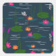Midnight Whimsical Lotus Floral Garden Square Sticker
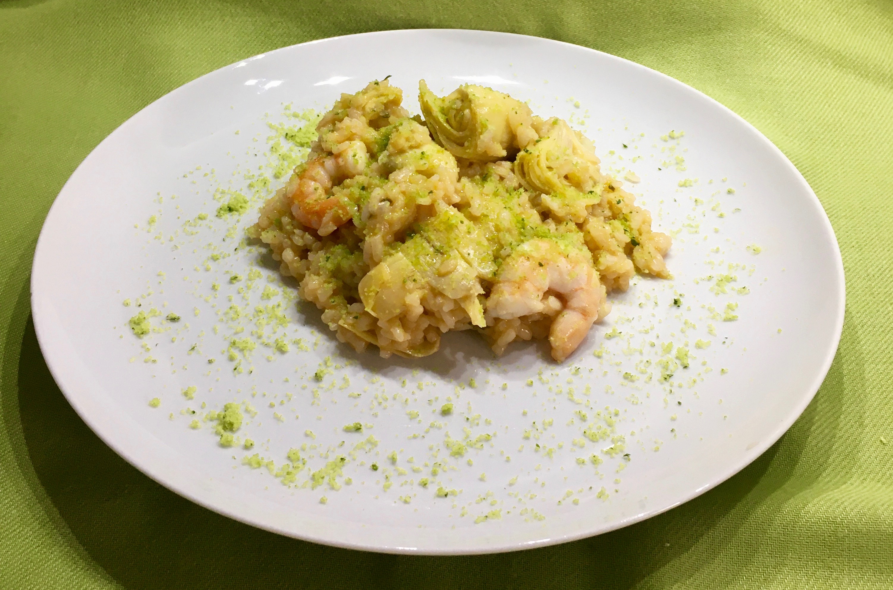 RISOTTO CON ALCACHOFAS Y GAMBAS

--

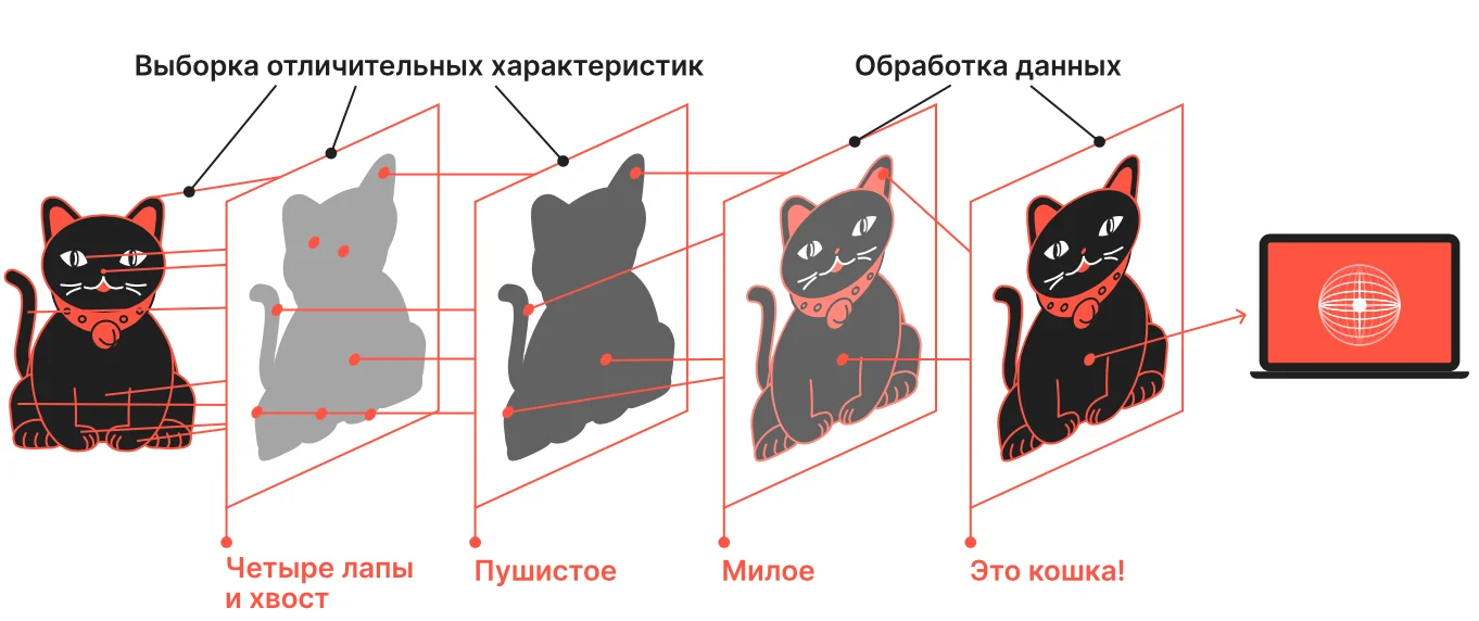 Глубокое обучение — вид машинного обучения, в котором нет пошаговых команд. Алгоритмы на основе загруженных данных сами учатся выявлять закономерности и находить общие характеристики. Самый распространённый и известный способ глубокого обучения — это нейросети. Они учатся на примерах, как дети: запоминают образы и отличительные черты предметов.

◆ ACTIVITY ◆
I would like the exact lines from the data above, starting with the one that holds "Midnight Whimsical Lotus" and going on through the one that holds "RISOTTO CON ALCACHOFAS Y GAMBAS", without the pictures.

◆ YOUR SOLUTION ◆
Midnight Whimsical Lotus Floral Garden Square Sticker
 RISOTTO CON ALCACHOFAS Y GAMBAS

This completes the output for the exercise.